3. Presence of the following high-risk factors assessed by MRI: MRF+, EMVI+, cN2, positive lateral lymph nodes, T3d.
4. Presence of or at high risk for obstruction, perforation, or bleeding.
5. Unsuitability for long-course radiotherapy.
6. Inability to tolerate surgery.
7. ≥ 2 colorectal cancer lesions at the same time.
8. Contraindications for MRI examination.
9. Other malignant tumors in the past or currently present.
10. Active autoimmune disease requiring systemic therapy within the past 2 years.
11. HIV infection.
12. Untreated chronic hepatitis B or chronic hepatitis B virus (HBV) carriers (HBV DNA > 500 IU/mL) or active HCV carriers with detectable HCV RNA.
13. Hypersensitivity to any ingredient of tislelizumab, capecitabine, and oxaliplatin, or to any component of their containers.
14. Other conditions judged by the researcher as not meeting the enrollment requirements.

Study & Design

• Study Type: INTERVENTIONAL
• Study Design: PARALLEL

Arm && Interventions

Group	Intervention	Description
Concurrent Chemoradiotherapy Followed by Chemotherapy Plus Immunotherapy Group	Long-course chemoradiotherapy	Long-course chemoradiotherapy followed by 4 cycles of CAPOX and Tislelizumab. (Note: Patients evaluated as ncCR after completion, if refusing local excision, may receive an additional 2 cycles of CAPOX and Tislelizumab before re-evaluation.)
Concurrent Chemoradiotherapy Followed by Chemotherapy Plus Immunotherapy Group	Tislelizumab combined with the CAPOX regimen	Long-course chemoradiotherapy followed by 4 cycles of CAPOX and Tislelizumab. (Note: Patients evaluated as ncCR after completion, if refusing local excision, may receive an additional 2 cycles of CAPOX and Tislelizumab before re-evaluation.)
Concurrent Chemoradiotherapy Followed by Chemotherapy Group	Long-course chemoradiotherapy	Long-course chemoradiotherapy followed by 4 cycles of CAPOX. (Note: Patients evaluated as ncCR after completion, if refusing local excision, may receive an additional 2 cycles of CAPOX before re-evaluation.)
Concurrent Chemoradiotherapy Followed by Chemotherapy Group	CAPOX regimen	Long-course chemoradiotherapy followed by 4 cycles of CAPOX. (Note: Patients evaluated as ncCR after completion, if refusing local excision, may receive an additional 2 cycles of CAPOX before re-evaluation.)

Primary Outcome Measures

Name	Time	Method
Anus preservation rate	From first dose of radiotherapy up to approximately 24/32±4 weeks.	Defined as the anus preservation rate in the efficacy-evaluable analysis set of patients, as assessed by the investigators.
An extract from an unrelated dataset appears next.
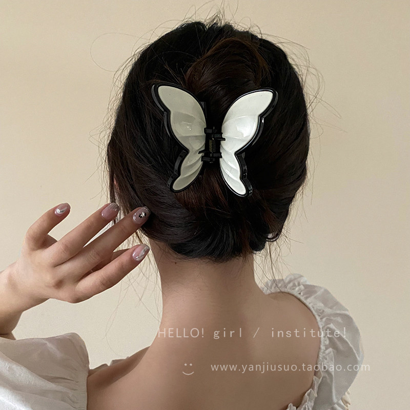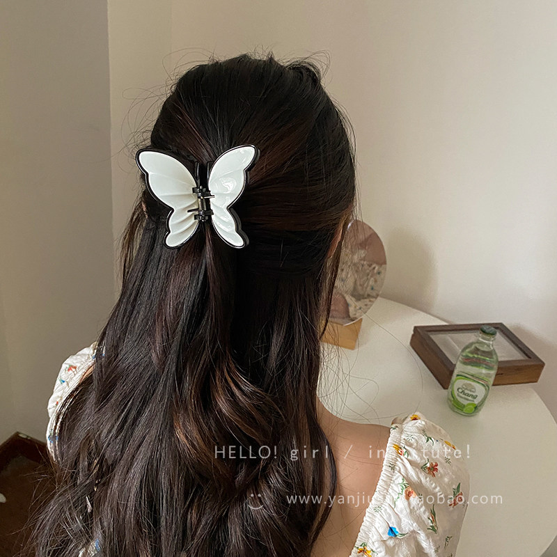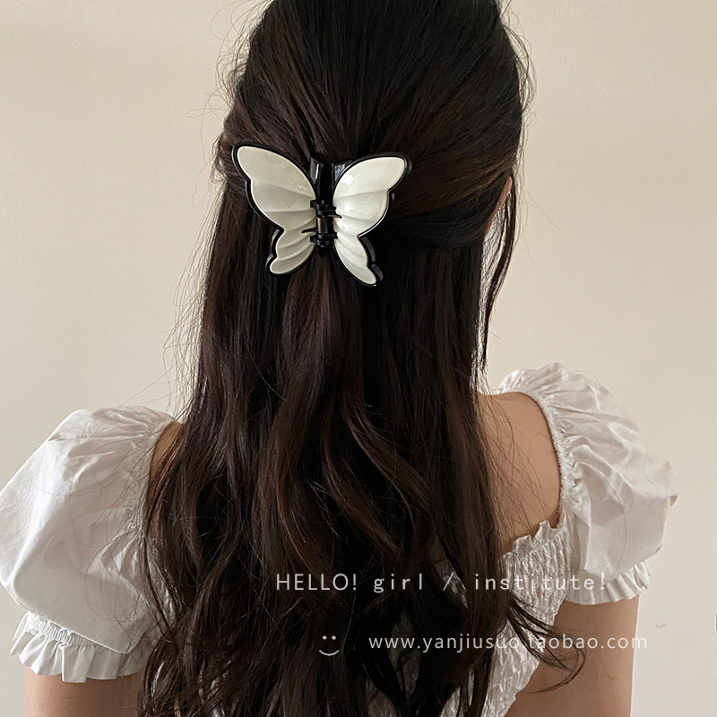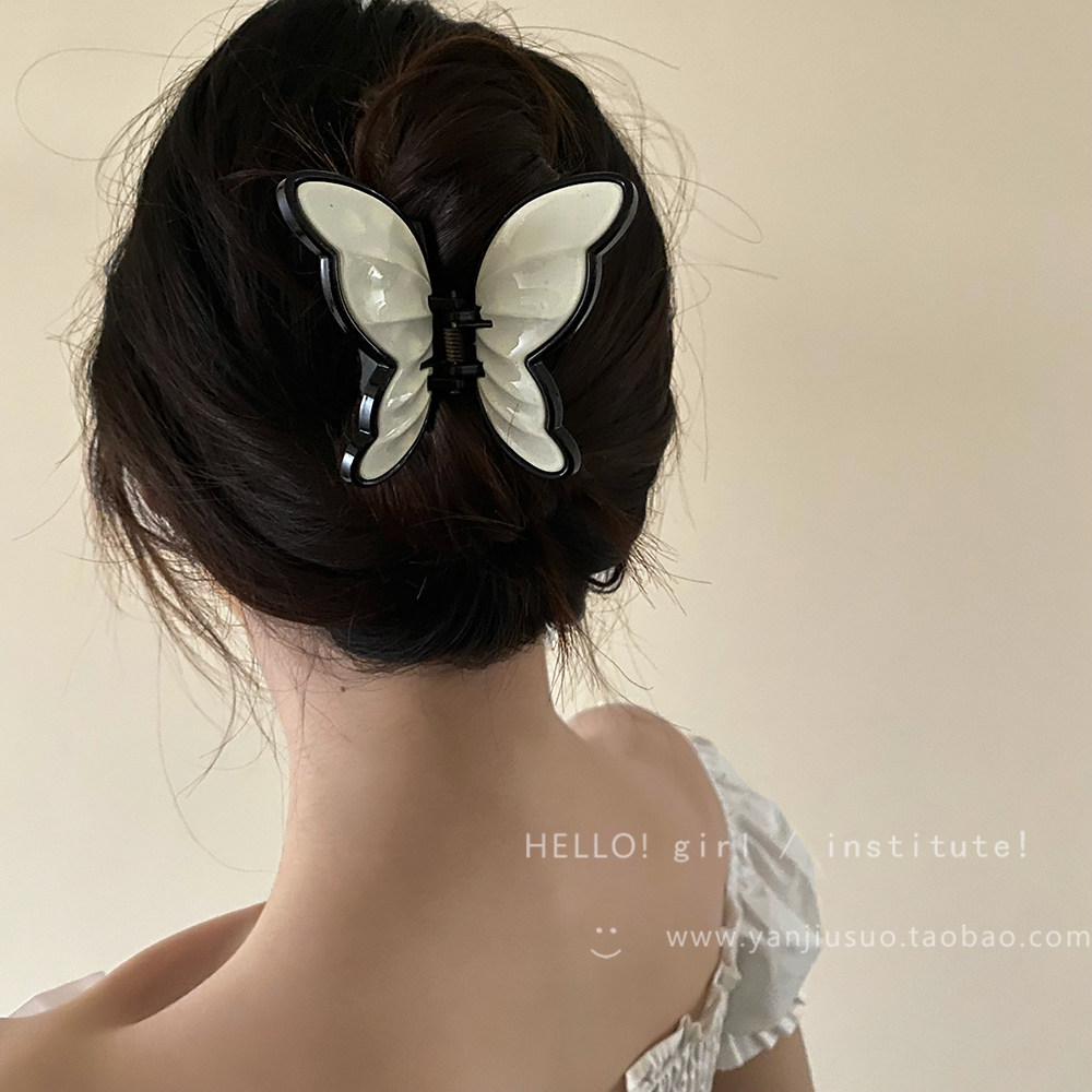 Ретро акриловая милая заколка-крабик с бабочкой, акула, заколка для волос, французский стиль, изысканный стиль, яркий броский стиль

Secondary Outcome Measures

Name	Time	Method
Complete Response rate (CR Rate)	From first dose of radiotherapy up to approximately 24/32±4 weeks.	Defined as the proportion of participants with clinical complete response (cCR) and pathologic complete response (pCR), determined by the investigators.
1/2/3-Year Organ-Preservation Rate	From first dose of radiotherapy up to approximately 36 months.	Defined as the proportion of participants who survived and did not undergo TME at 1, 2, and 3 years.
1/2/3-Year EFS Rate	From first dose of radiotherapy up to approximately 36 months.	Defined as the proportion of participants who did not develop local recurrence, distant metastasis, new invasive primary lesions of colorectal cancer, or death at 1, 2, and 3 years.
Percentage of Participants With Adverse Events	From first dose of radiotherapy up to approximately 36 months.	Percentage of participants with adverse events (AEs), immune-related adverse events(irAE), and serious adverse events (SAEs).
1/2/3-Year OS Rate	From first dose of radiotherapy up to approximately 36 months.	Defined as the proportion of participants who survived at 1, 2, and 3 years.